- Exercise
Any picture in the data below gets skipped; print all the rest exactly.

- Source material
----------------
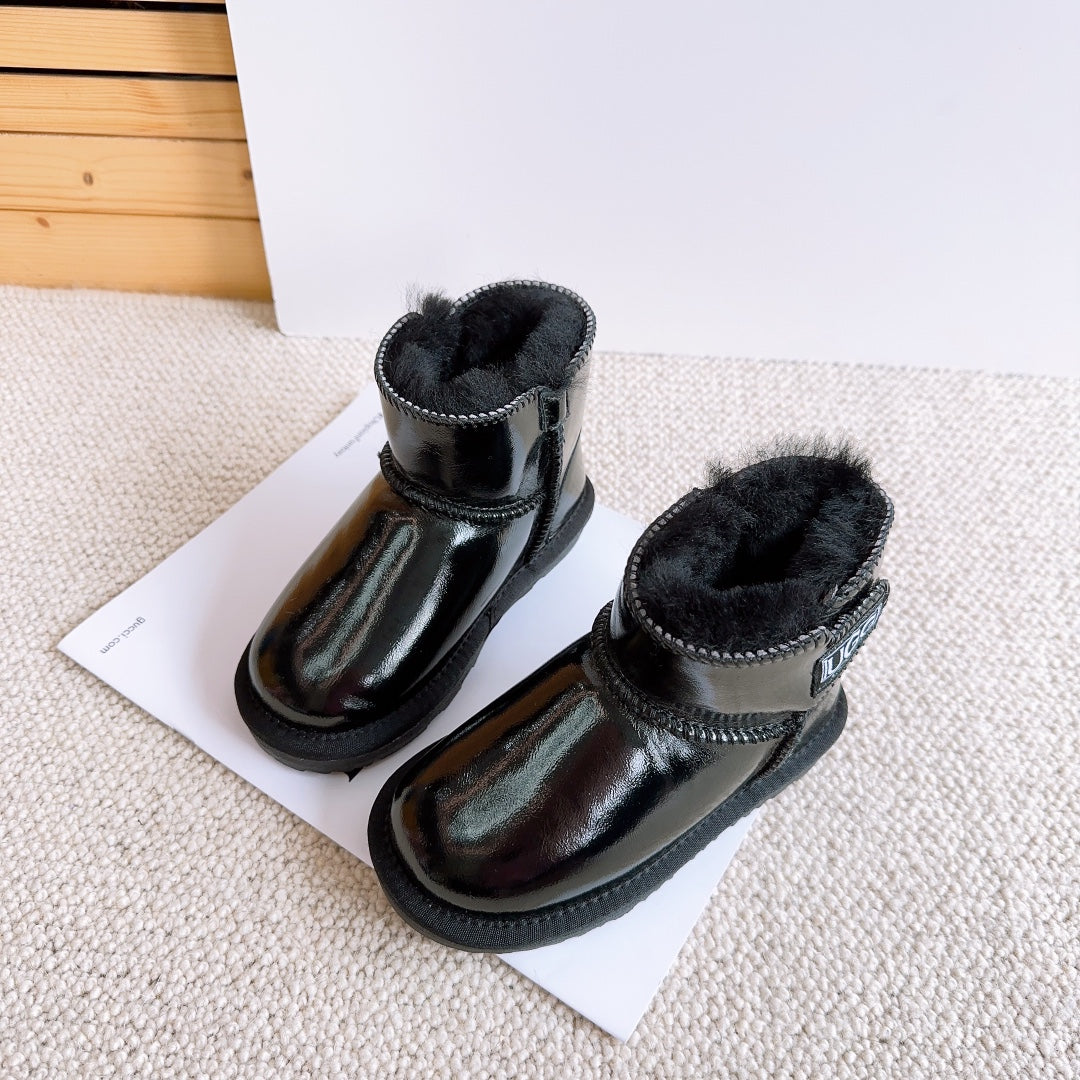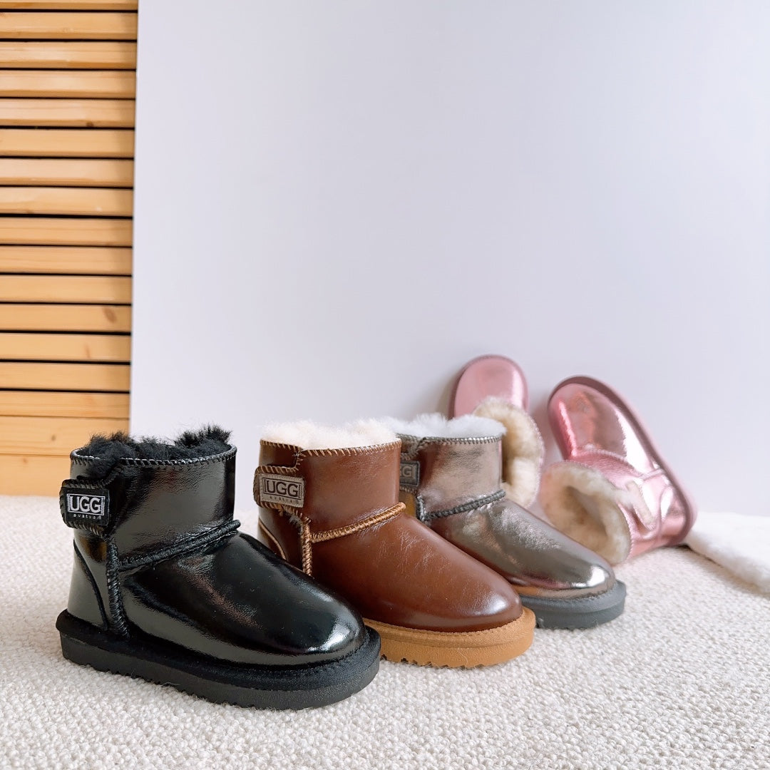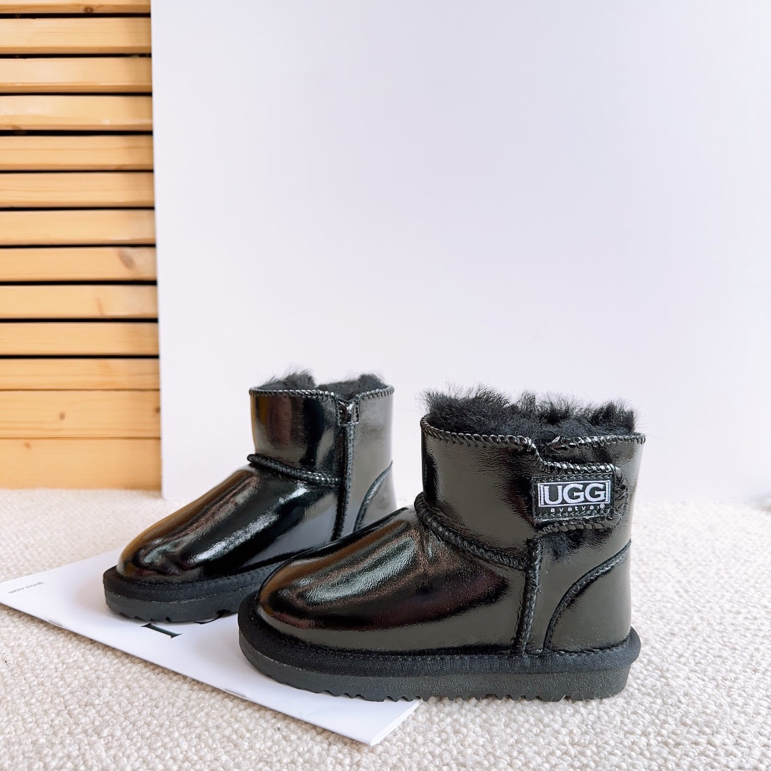 Discover the perfect blend of style and functionality with our UGG Waterproof Children's Snow Boots. Featuring integrated fur side patches and a durable, shiny leather exterior, these boots offer both comfort and protection against the elements. The soft wool lining ensures warmth and coziness, making them ideal for winter adventures. Available in sizes 25–35, these snow boots are designed to keep your child's feet warm and dry while they explore the snowy outdoors.
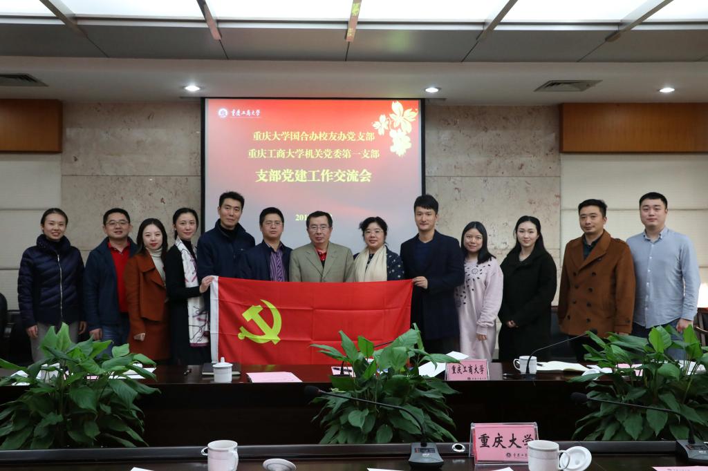 11月8日,重庆大学国合办、校友办雷达、姜雪峰副主任一行到pp电子就校友党支部建设、校友工作以及国内合作相关事宜进行交流。pp电子副校长赵骅、党政办主任罗勇等出席。
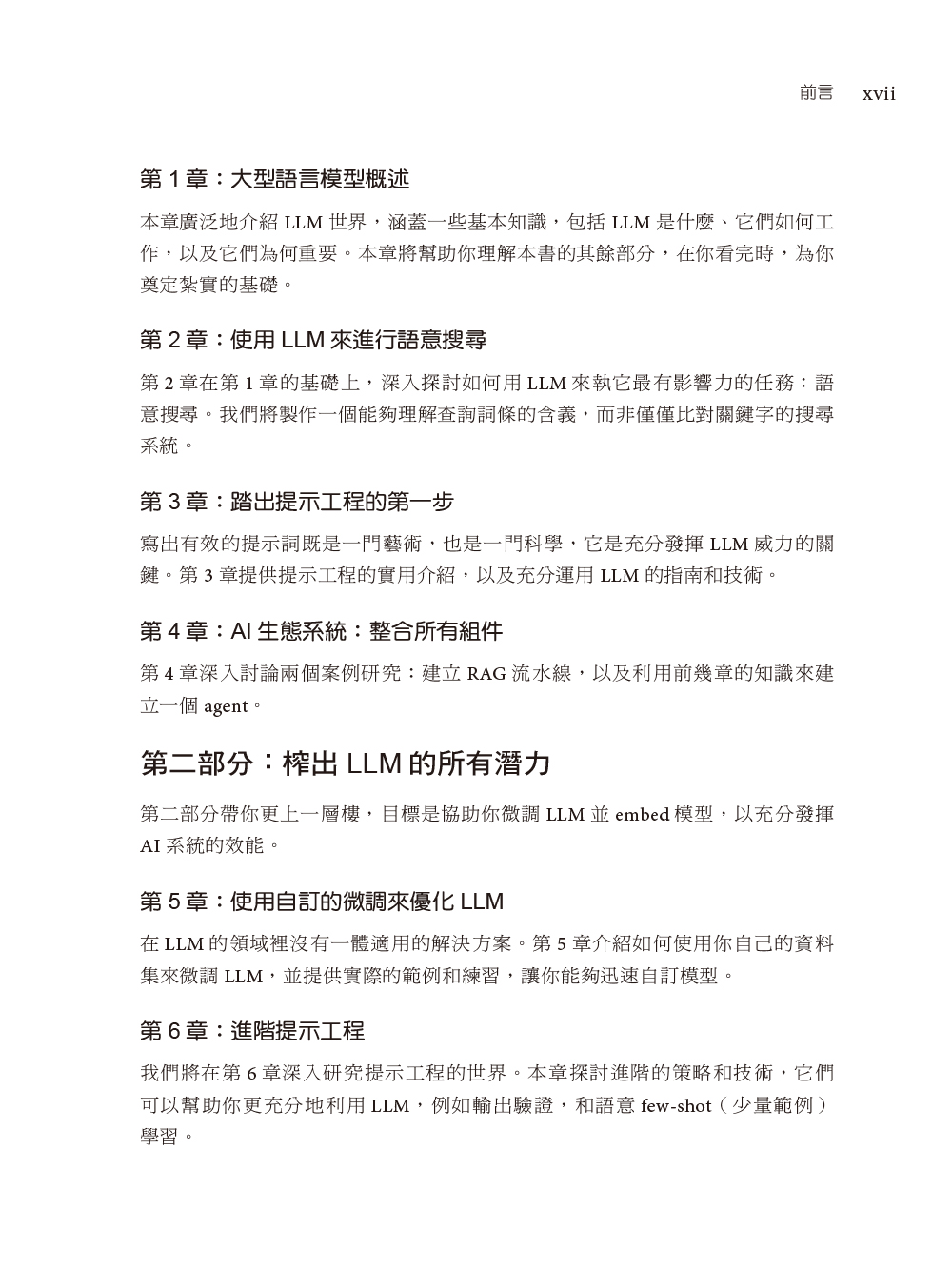 序前言致謝關於作者PART I 大型語言模型簡介1 大型語言模型概述大型語言模型是什麼?流行的現代LLMLLM的應用結論2 使用LLM來進行語意搜尋前言任務解決方案概要組件整合一切使用閉源組件的成本結論3 踏出提示工程的第一步前言提示工程在不同模型之間使用提示結論4 AI生態系統:整合所有組件前言閉源AI的效能不斷變動AI推理vs.思考案例研究1:檢索增強生成案例研究2:自動AIagent結論PART II 榨出LLM的所有潛力5 使用自訂的微調來優化LLM前言遷移學習和微調:入門指南OpenAI微調API概要使用OpenAICLI來準備自訂範例設定OpenAICLI我們微調的第一個LLM結論6 進階提示工程前言提示注入攻擊輸入/輸出驗證批次提示提示鏈案例研究:AI的數學能力有多強?結論7 自訂embedding與模型架構前言案例研究:建立推薦系統結論8 AI對齊:第一原則前言對齊的對象是誰?為了什麼目的?對齊可以降低偏見的嚴重性對齊的支柱憲法AI:邁向自我對齊的一步結論PART III LLM進階用法9 超越基礎模型前言案例研究:視覺問答案例研究:透過回饋來進行強化學習結論10 微調進階的開源LLM前言範例:使用BERT來做動畫類型多標籤分類範例:使用GPT2來生成LaTeXSinan’sAttemptatWiseYetEngagingResponses:SAWYER結論11 將LLM投入生產前言將閉源LLM部署至生產環境將開源LLM部署至生產環境結論12 評估LLM前言評估生成任務評估理解任務結論繼續前進!PART IV 附錄A LLM FAQB LLM詞彙表C LLM應用程式原型索引
----------------
- The answer
 Discover the perfect blend of style and functionality with our UGG Waterproof Children's Snow Boots. Featuring integrated fur side patches and a durable, shiny leather exterior, these boots offer both comfort and protection against the elements. The soft wool lining ensures warmth and coziness, making them ideal for winter adventures. Available in sizes 25–35, these snow boots are designed to keep your child's feet warm and dry while they explore the snowy outdoors.
 11月8日,重庆大学国合办、校友办雷达、姜雪峰副主任一行到pp电子就校友党支部建设、校友工作以及国内合作相关事宜进行交流。pp电子副校长赵骅、党政办主任罗勇等出席。
 序前言致謝關於作者PART I 大型語言模型簡介1 大型語言模型概述大型語言模型是什麼?流行的現代LLMLLM的應用結論2 使用LLM來進行語意搜尋前言任務解決方案概要組件整合一切使用閉源組件的成本結論3 踏出提示工程的第一步前言提示工程在不同模型之間使用提示結論4 AI生態系統:整合所有組件前言閉源AI的效能不斷變動AI推理vs.思考案例研究1:檢索增強生成案例研究2:自動AIagent結論PART II 榨出LLM的所有潛力5 使用自訂的微調來優化LLM前言遷移學習和微調:入門指南OpenAI微調API概要使用OpenAICLI來準備自訂範例設定OpenAICLI我們微調的第一個LLM結論6 進階提示工程前言提示注入攻擊輸入/輸出驗證批次提示提示鏈案例研究:AI的數學能力有多強?結論7 自訂embedding與模型架構前言案例研究:建立推薦系統結論8 AI對齊:第一原則前言對齊的對象是誰?為了什麼目的?對齊可以降低偏見的嚴重性對齊的支柱憲法AI:邁向自我對齊的一步結論PART III LLM進階用法9 超越基礎模型前言案例研究:視覺問答案例研究:透過回饋來進行強化學習結論10 微調進階的開源LLM前言範例:使用BERT來做動畫類型多標籤分類範例:使用GPT2來生成LaTeXSinan’sAttemptatWiseYetEngagingResponses:SAWYER結論11 將LLM投入生產前言將閉源LLM部署至生產環境將開源LLM部署至生產環境結論12 評估LLM前言評估生成任務評估理解任務結論繼續前進!PART IV 附錄A LLM FAQB LLM詞彙表C LLM應用程式原型索引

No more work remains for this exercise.